That financial disaster held on for over five chilly years.

But the day has arrived, America has finally heard Jackson’s cries of anguish from the great beyond, and removed his likeness from that raggedy heresy of ersatz value. Still, one has to wonder. What would General Jackson make of runaway slave, Harriet Tubman taking his place on legal tender?

Ms. Tubman, as a woman, and as a slave, lived invisibly in Jackson’s world. The only notice a planter like Jackson would have made was Tubman’s incorrigible practice of stealing another master’s property. For a man of deep passions, of violent loves and hates, her offense would have pissed this president off, and sent him into a dangerous rage. In his world of master and slave, her offenses allowed no mercy, no reprieve.

As for Tubman? She understood a truth that Jackson could never, ever have comprehended—that justice was a force that bore no designation to color, gender, or appraised value. A mighty truth reigned far above the limited aspirations of General Andrew Jackson, killer of banks, Natives, and the hopes of the hundreds he held in bondage.

Tubman’s idea of honorable behavior had nothing to do with white men firing pistols on dueling grounds, and that white social conventions which condemned her to servitude were wholesome and noble.
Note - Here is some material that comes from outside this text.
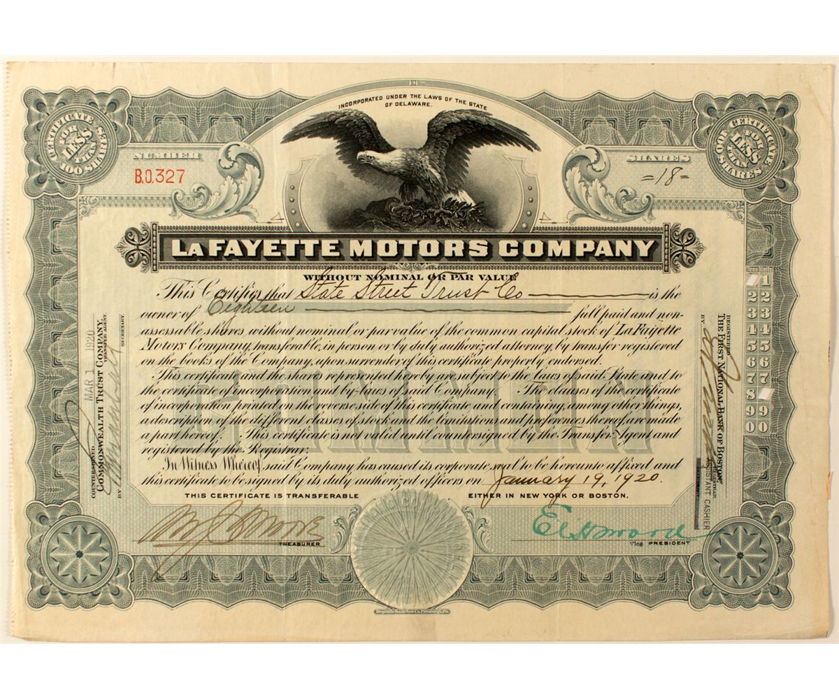 LaFayette Motors Company cert for 18 shares issued to State Street Trust. Prag Collection

The human condition, as Tubman understood the meaning, held a deeper significance, an importance that required a profounder appreciation. The world of plantations, race hatred, whip wielding overseers, and economic injustice held no real sway, and certainly possessed no honor.

Jackson’s opinions truly hued in only black and white, and that outlook wasn’t limited to skin color. Abstract ideas like ‘humanity’ didn’t resonate in his mind, too ethereal for a man who loved gold coins. Banks were bad, women were ornaments, Indians were fair game, and blacks were slaves. That simple. Of course at the same time, this limited world view gave a figure with Tubman’s vision the edge. If a man of Jackson’s time and station caught a glimpse inside the real thoughts of his “family” members living over in the slave quarters, his mind would have been blown.

So it is with some satisfaction that Harriet Tubman replaces Andrew Jackson on the twenty-dollar bill. But not only because she’s a woman, nor only because she’s black. The star she followed may have literally sparkled in the northern sky, but every footstep she trod signified progress on the road to realizing the immeasurable value in us all.